The fastener and the building structure have to be strong enough to withstand the torque created by the downward force of TV and Mount acting over the distance between the drywall surface and the building structure.
Case 1.1: Use Hanger Bolts
Assuming you find wood building structure in there (furring doesn't count here because it will twist under the torque), I recommend hanger bolts.
Use a spade bit to clear a hole in the drywall big enough to accommodate a nut flush with the surface of the drywall. Then put the mount over the hanger bolt and tighten another nut down on that. The first nut will keep the drywall from deflecting toward the wall. Size the hanger bolt larger than normal because of the overhung load. From your description I would guess that 4x 1/4" hanger bolts would be adequate.
Make sure you pilot drill for your hanger bolt or you risk splitting whatever wooden structure you're screwing into.
Case 1.2: Variation for Concrete Construction
I've also encountered furred out concrete clad in drywall (common in highrise condominiums).

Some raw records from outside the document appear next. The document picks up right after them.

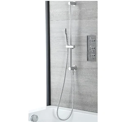 General description Ensure that your bathing and showering experience will leave you feeling refreshed with the Milano Mirage two outlet bath and shower system, which includes a triple thermostatic shower valve, slide rail kit, and overflow bath filler. The sleek look is completed by the chrome finish throughout, giving a contemporary feel that will elevate the look of your bathroom. Technical specifications Type: Two outlet bath and shower system Valve material: Solid brass Shower head material: ABS Hose length: 1.75m Minimum recommended pressure: 1.0 bar Warranty: 10 years Compatibility and accessories Compatible with all types of plumbing systems Includes slide rail kit with ABS hand shower and 1.75m hose Installation Easy installation with standard plumbing fittings Usage Thermostatic control to prevent scalding and freezing Can operate both outlets simultaneously or separately as required Ergonomic round handles for simple and intuitive use Silicone nozzles for easy cleaning and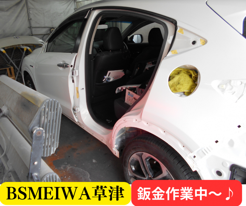 滋賀県大津市:ホンダヴェゼルの左リアドアとリアフェンダーを美しく修復!板金塗装事例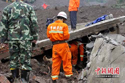 記者從現(xiàn)場消防救援人員處了解到,29日清晨,貴州省消防部隊出動6個突擊隊,每隊20人,共計120人參加搶險救援。消防官兵利用雷達生命探測儀地毯式探尋被困人員,出動搜救犬進行拉網(wǎng)式排查搜救。消防官兵在開展救援時,周圍山體多次發(fā)生垮塌,所幸都是有驚無險。

In that case, the same principal as Case 1.1 applies, but use "drop-in anchors" and a threaded stud instead of hanger bolts.
Case 2: Fasten to Furring with No Air Gap
Sometimes drywall is attached to and is in contact with (i.e. no air gap) furring.
Case 2.1 Furring Attached to Building Structure
Where furring is attached directly to the building structure, drive multiple wood screws directly into the furring. If there is some hard material behind the furring, ensure that the screws are short enough. Otherwise they can jack the furring from the building structure when their points impact cinderblock or concrete.
The principle of this solution is to transfer the load to the building's structure directly through the furring.
Case 2.2 Furring Dubiously Attached to Building Structure
Where furring and drywall are creating their own structure, drive multiple wood screws into the furring to fasten your TV mount.
The principle of this solution is to use the furring to distribute the load to a large area of the composite structure of furring and drywall.
Drywall itself is rather heavy, so if the wall is able to hold itself up, there's a good chance it can hold up your TV to provided you distribute the load over a large enough area of drywall and furring.